March 19, 2024

I, Science

The science magazine of Imperial College

A break-through in understanding Solar panel efficiencies by a PhD student will drive costs down in green energy

Since the second generation of solar panels were designed seven years ago, the energy efficiency has risen from 16.7% to just 22.1%. Further efficiencies have been thwarted by a lack of understanding on why the cadmium and tellurium cells showed improved efficiencies when combined with selenium.

A break-through in understanding these efficiencies was recently made by PhD student Tom Fiducia at Loughborough University. The paper, published in Nature  Energy, will help drive more advances in solar technology and lower costs for green energy.

Fiduccia starts by providing some much-needed history, explaining the successive generations of solar panel prototypes. First on the scene were silicon cells, which have better efficiencies – up to 24.2% – but are expensive to produce as they rely on the time-consuming and tricky formation of a single sheet of silicon crystals. Second generation ‘Cad’ cells, Fiduccia explains, are thin-film technology, and are much quicker and easier to mass produce, keeping costs low. There is also a new kid on the block, third generation perovskites, which have very exciting efficiency potentials but are not on the market yet as researchers are battling with their instability under light.  “Obviously a bit of a problem with solar panels,” he adds. “You’ve got people making their cells and running downstairs to the lab to get them tested before they degrade.”

So Cad cells look like the frontrunner – but they have some catching up to do in terms of efficiency. In a large part, this is because the fast manufacturing means the thin films are produced with more defects – which that can effectively swallow the energy they generate. Defects are structural problems at the chemical level; a hole that traps electrons excited by the sun’s energy. “Think of these holes like bubbles in water. You never have a perfect crystal, so there can be extra or missing atoms in the lattice work. This means that electrons can be lost as they move through them.” The aim of second gen solar panel research is to minimise these defects. Adding selenium to the cadmium and tellurium panels has increased the efficiency, but no one has looked at why.
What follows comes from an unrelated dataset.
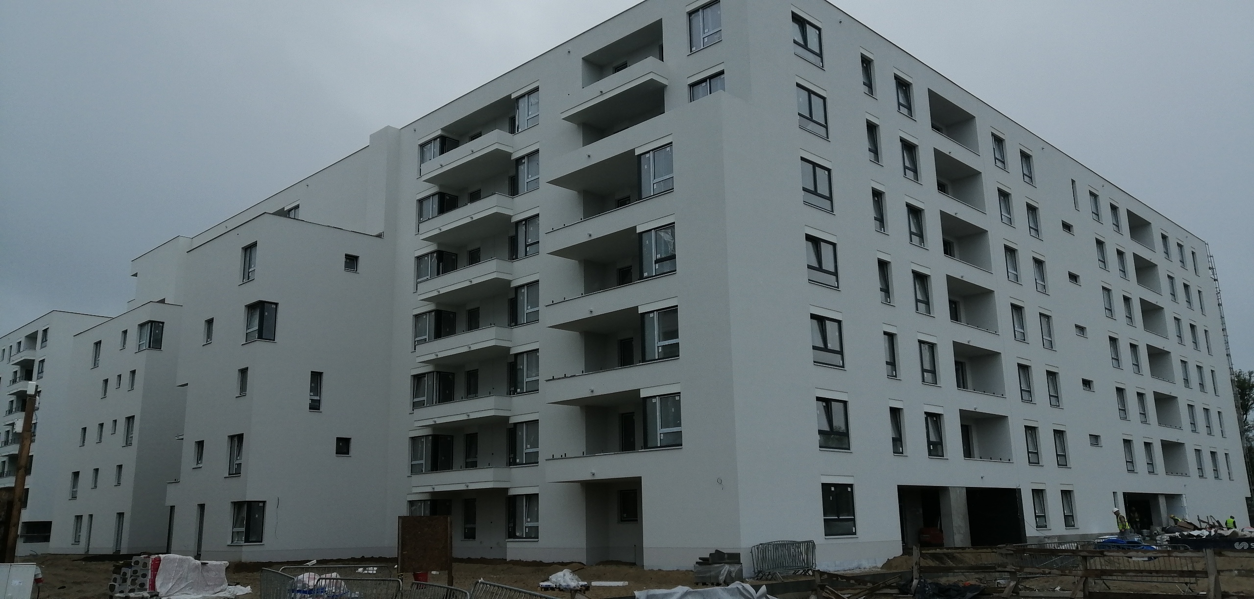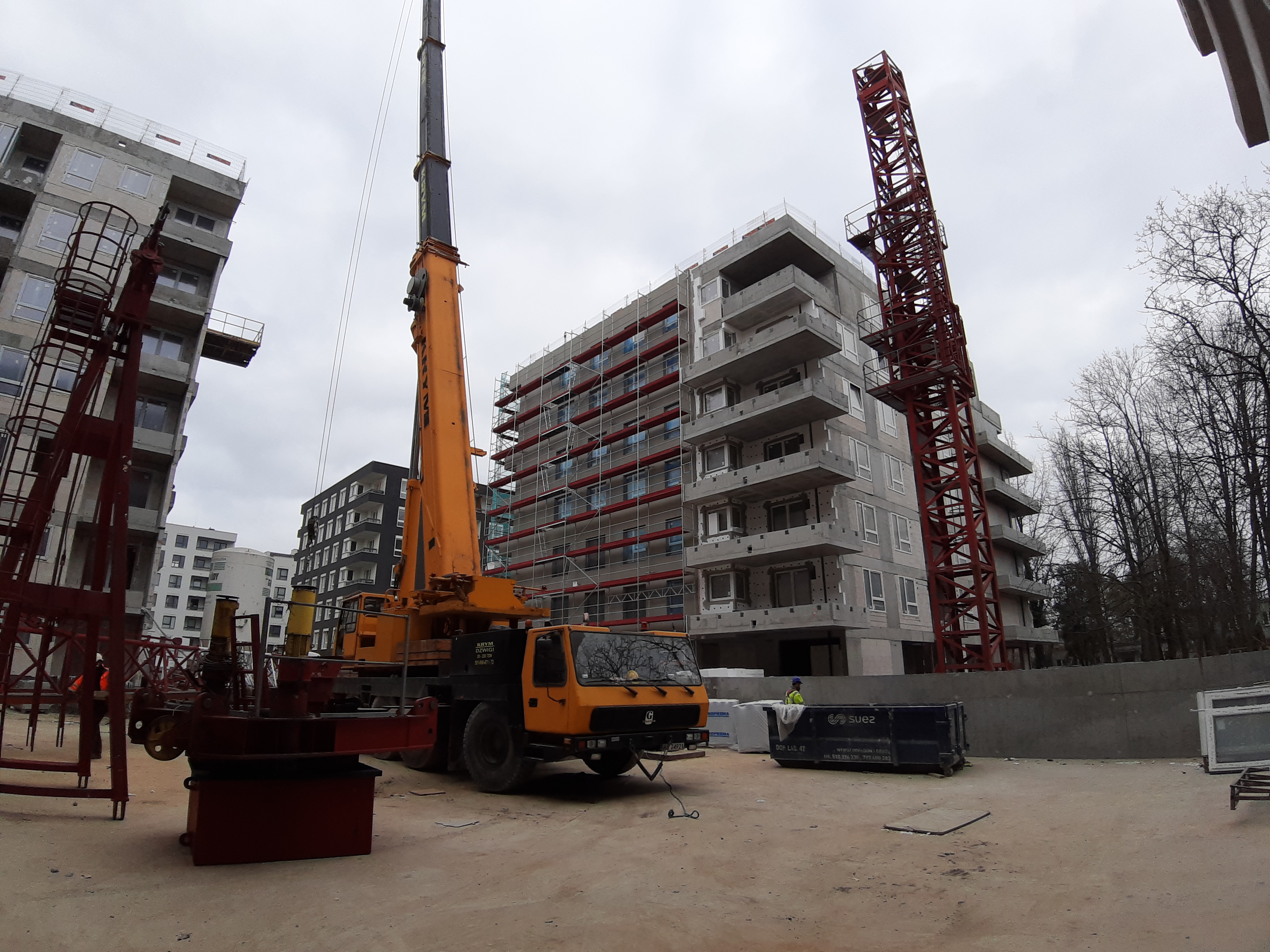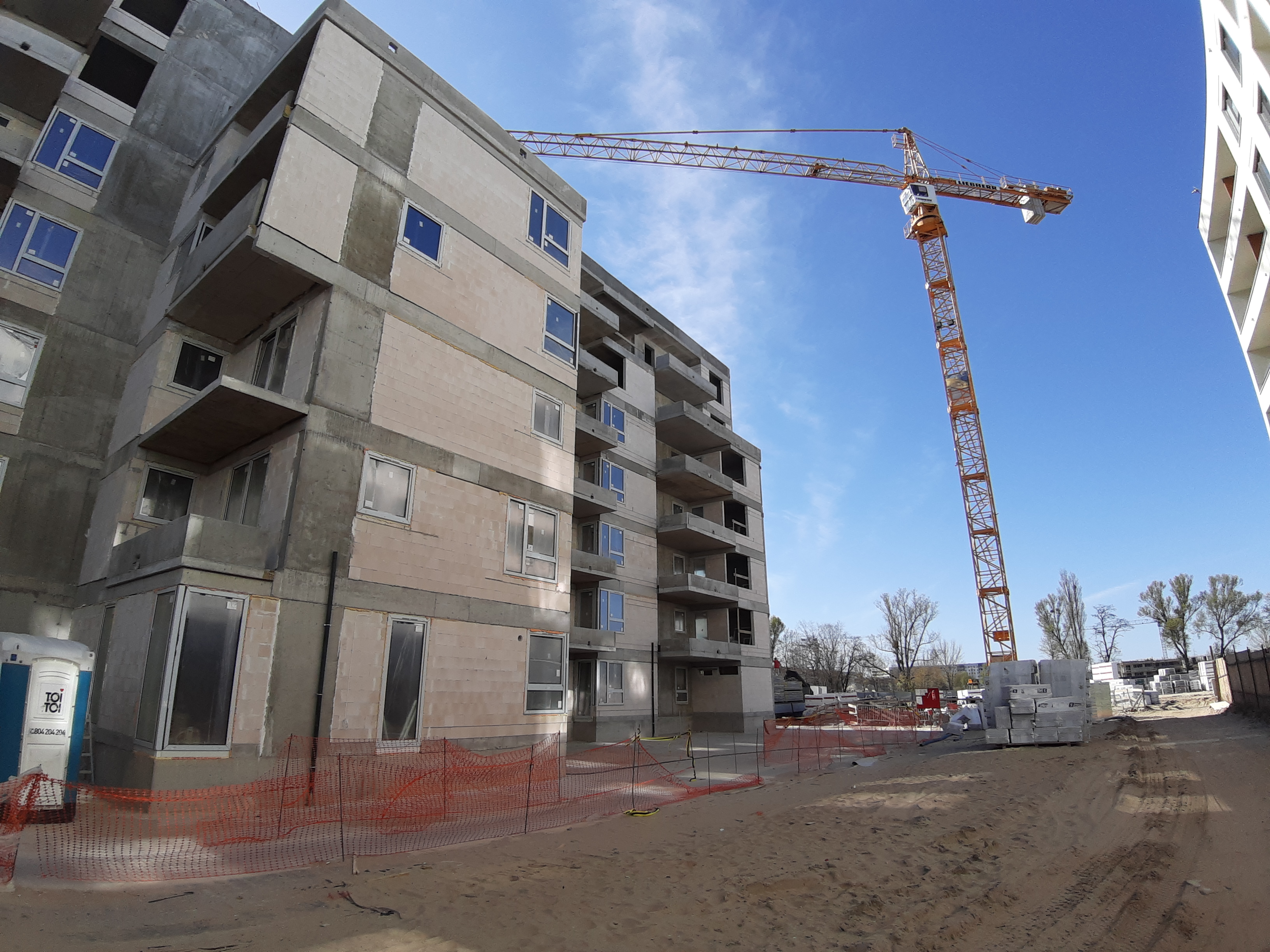 - Część budynku E jest już w rusztowaniach, wykonywane jest również docieplenie budynku.

And that’s where Fiduccia comes in. As the focus of his PhD project, he went into it drawn by the variety of physics involved. “It starts from the sun, it’s got a lots of electrophysiological mathematics going through the atmosphere, […] the optics to actually get there, and then you’ve got your sold-state physics at the cell level.” He describes himself as very lucky; the project had strong connections with solar panel manufacturer company First Solar, and Colorado State University, who both lead the field on Cad cell research, and he held a good level of autonomy over his work. It was from direct consequence of bringing his own ideas to the table that he had his break-through. “I was doing literature reading, and some guys in the US at the NREL, the National Renewable Energy Laboratory, had […] done some great work with this technique, cathodoluminescence. But they hadn’t related it back, hadn’t done any compositional mapping, and they only looked at Cad cells without the selenium. So I saw an opportunity there.”

Cathodoluminescence fires a beam of electrons at the cells, exciting the cell’s electrons and making them fluoresce. Areas of the cell with defects instead absorb the electrons, and don’t fluoresce – making it a perfect way to measure the efficiency of a solar panel. By aligning the fluorescence pattern against the layout of selenium in the panels, the mysterious link between selenium and efficiency began to come clear.

It didn’t disappoint. When Fiduccia saw the results, he had the first inkling he was onto something. “The selenium layer just lit up. I knew then. My heart started racing, I thought, okay, there may be something in this.” Still, it was whirlwind of several ups and downs before he knew for certain. “There was about five or six moments of ‘oh, I’m onto something’, then, ‘no, it’s not a thing’.”

He reached out to experts at Durham, Warwick, and Oxford University to help corroborate the results. This took the data from one measurement on one cell, to more measurements on different machines. As Tom puts it, it “gave us a bit more ammunition on this hypothesis.”  Their collaborative results found that selenium reduces the defects in Cad cells, accounting for the increased efficiency.

The team hope that this understanding could help push efficiency even higher; perhaps by increasing the amount of selenium in the cells, or by altering the distribution. With the record at 22.1% efficiency, up from 16.7%, these increases in efficiency might sound tiny. To help put this into perspective, Tom explains that a 1% increase in efficiency of the cell in lab testing equates to around a 5% increase in the power output. A 5% power increase means that much less panels needed for the same amount of energy, and so costs can come down. At the end, it really is worth chasing every last percent – or penny – for cleaner energy!

On his experience coming to the end of his PhD, Tom reflects that while he enjoyed the in-depth research opportunity it gave him, he couldn’t have gotten through the ups and downs without that starting interest. “You need an organic interest. You’re only really going to be able to sustain it if you’re actually interested in it.” His advice to future PhD students hinges around building a career on that enjoyment. “If you’re going to do something, it should be useful or it should be fun, or some combination of the two. If it’s not, what’s the point?”

Paper on the issue: https://www.nature.com/articles/s41560-019-0389-

Christine Parry is currently studying for a MSc in Science Communication at Imperial College London.